裁判字號:臺灣桃園地方法院93年交易字第254號刑事判決
裁判日期:民國94年01月25日
裁判案由:過失致死
臺灣桃園地方法院刑事判決93年度交易字第254號公訴人臺灣桃園地方法院檢察署檢察官被告丁○○男56歲選任辯護人謝錫福律師上列被告因過失致死案件,經檢察官提起公訴(93年度偵字第7281號),本院判決如下:
主文丁○○無罪。
理由
一、公訴意旨略以︰被告丁○○於民國91年8月12日21時許,駕駛車號00-0000號之自小貨車(下稱上開自小貨車),至親戚甲○○位於桃園縣大園鄉圳頭村34之8號之住所拜訪後,自甲○○上開住所屋宅,倒車行駛至接近上開路段中央,並由車尾向右後方轉向,欲回正之際,本應注意汽車倒車時,應謹慎緩慢後倒,並應注意其他車輛及行人,且該路段係村里道路,夜間人車稀少,並無障礙物、坑洞,夜間有照明,道路狀況良好,駕駛人並無不能注意之情形,竟疏於注意而貿然倒車。適被害人 林振義 騎乘車號000-000號之重型機車途經上址,因閃避不及,斜側撞及被告所駕駛之自小貨車左後方保險桿、車尾方向燈,繼而順勢擦撞該小貨車左後輪之擋泥板及輪胎,致被害人人車倒地,其所騎乘之機車則滑向對向車道旁之溝渠內,致被害人則受有顱內出血、頭部外傷併顱骨骨折等傷害,經送醫不治,於同日23時15分許宣告死亡,因認被告涉有刑法第276條第1項之過失致人於死罪嫌 云云 。

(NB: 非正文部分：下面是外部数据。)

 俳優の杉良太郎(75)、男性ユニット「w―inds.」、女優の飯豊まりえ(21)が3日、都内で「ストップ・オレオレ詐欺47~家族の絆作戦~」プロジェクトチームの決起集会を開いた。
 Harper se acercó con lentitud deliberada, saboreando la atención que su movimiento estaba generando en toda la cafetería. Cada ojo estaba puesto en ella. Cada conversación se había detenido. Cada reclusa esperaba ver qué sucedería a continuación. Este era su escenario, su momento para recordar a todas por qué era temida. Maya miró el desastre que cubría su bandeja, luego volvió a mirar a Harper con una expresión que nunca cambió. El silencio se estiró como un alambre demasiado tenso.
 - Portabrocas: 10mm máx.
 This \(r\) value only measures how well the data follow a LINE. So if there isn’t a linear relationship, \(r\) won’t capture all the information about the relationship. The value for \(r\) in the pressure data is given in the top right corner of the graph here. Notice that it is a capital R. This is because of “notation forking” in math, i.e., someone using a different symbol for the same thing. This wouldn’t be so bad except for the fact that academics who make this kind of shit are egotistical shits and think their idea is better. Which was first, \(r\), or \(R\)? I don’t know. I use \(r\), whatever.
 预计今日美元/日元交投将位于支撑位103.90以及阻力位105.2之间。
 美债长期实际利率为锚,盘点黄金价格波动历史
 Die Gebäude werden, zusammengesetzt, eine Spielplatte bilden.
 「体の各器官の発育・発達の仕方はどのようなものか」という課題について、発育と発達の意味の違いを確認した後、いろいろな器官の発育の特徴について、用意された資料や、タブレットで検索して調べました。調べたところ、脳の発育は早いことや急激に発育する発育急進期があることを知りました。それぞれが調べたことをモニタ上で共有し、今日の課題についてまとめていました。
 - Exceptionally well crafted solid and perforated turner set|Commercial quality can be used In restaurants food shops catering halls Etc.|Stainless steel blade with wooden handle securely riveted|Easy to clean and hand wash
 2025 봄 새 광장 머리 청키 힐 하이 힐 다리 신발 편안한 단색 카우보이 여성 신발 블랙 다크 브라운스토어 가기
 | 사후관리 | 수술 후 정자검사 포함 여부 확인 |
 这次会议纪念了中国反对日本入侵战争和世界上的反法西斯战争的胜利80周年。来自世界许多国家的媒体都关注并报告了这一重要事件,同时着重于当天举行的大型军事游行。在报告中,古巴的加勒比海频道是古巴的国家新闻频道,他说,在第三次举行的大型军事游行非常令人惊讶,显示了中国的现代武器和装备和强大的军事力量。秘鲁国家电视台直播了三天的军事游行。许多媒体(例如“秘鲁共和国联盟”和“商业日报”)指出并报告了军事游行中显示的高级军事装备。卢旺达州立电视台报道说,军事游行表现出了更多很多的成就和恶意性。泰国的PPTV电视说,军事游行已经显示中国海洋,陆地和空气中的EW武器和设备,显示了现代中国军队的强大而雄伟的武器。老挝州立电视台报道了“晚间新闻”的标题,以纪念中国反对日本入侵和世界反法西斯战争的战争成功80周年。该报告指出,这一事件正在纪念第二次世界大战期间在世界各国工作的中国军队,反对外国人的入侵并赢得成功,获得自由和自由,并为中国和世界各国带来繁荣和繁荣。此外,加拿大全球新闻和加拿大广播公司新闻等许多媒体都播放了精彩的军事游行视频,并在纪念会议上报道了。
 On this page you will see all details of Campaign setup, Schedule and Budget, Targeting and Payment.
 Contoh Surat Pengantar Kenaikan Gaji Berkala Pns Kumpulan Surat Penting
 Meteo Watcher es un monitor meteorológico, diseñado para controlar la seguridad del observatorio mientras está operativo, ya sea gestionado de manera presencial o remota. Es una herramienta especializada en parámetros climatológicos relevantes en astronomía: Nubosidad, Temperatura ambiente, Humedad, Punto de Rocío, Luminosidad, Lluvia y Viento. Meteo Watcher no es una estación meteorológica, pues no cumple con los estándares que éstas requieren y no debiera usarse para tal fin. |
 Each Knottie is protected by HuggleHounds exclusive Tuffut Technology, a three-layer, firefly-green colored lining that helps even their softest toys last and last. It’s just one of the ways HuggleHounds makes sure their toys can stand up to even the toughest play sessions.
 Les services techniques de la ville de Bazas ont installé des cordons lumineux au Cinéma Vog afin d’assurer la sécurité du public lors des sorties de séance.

二、按犯罪事實應依證據認定之,無證據不得認定犯罪事實;不能證明被告犯罪者,應諭知無罪之判決,刑事訴訟法第154條第2項及第301條第1項分別定有明文。次按刑事訴訟法上所謂認定犯罪事實之證據,係指足以認定被告確有犯罪行為之積極證據而言,該項證據自須適合於被告犯罪事實之認定,始得採為斷罪資料。如未能發現相當證據,或證據不足以證明,自不能以推測或擬制之方法,以為裁判之基礎。又刑事訴訟上證明之資料,無論其為直接或間接證據,均須達於通常一般之人均不致有所懷疑,而得確信其為真實之程度,始得據為有罪之認定,若其關於被告是否犯罪之證明未能達此程度,而有合理性懷疑之存在,致使無從形成有罪之確信,根據「罪證有疑,利於被告」之證據法則,即不得遽為不利被告之認定(最高法院29年上字第3105號、40年台上字第86號及76年台上字第4986號判例意旨可資參照)。復按汽車駕駛人可信賴其他參與交通之對方亦能遵守交通規則,同時為必要之注意,謹慎採取適當之行動,而對於不可知之對方違規行為並無預防之義務(最高法院74年台上字第4219號判例意旨可資參照)。
三、訊據被告固坦承於上揭時地被害人所騎乘之機車與上開自小貨車發生擦撞而被害人死亡之事實,惟堅決否認有何過失致人於死之犯行,辯稱:是林振義自己來撞我的車子等語。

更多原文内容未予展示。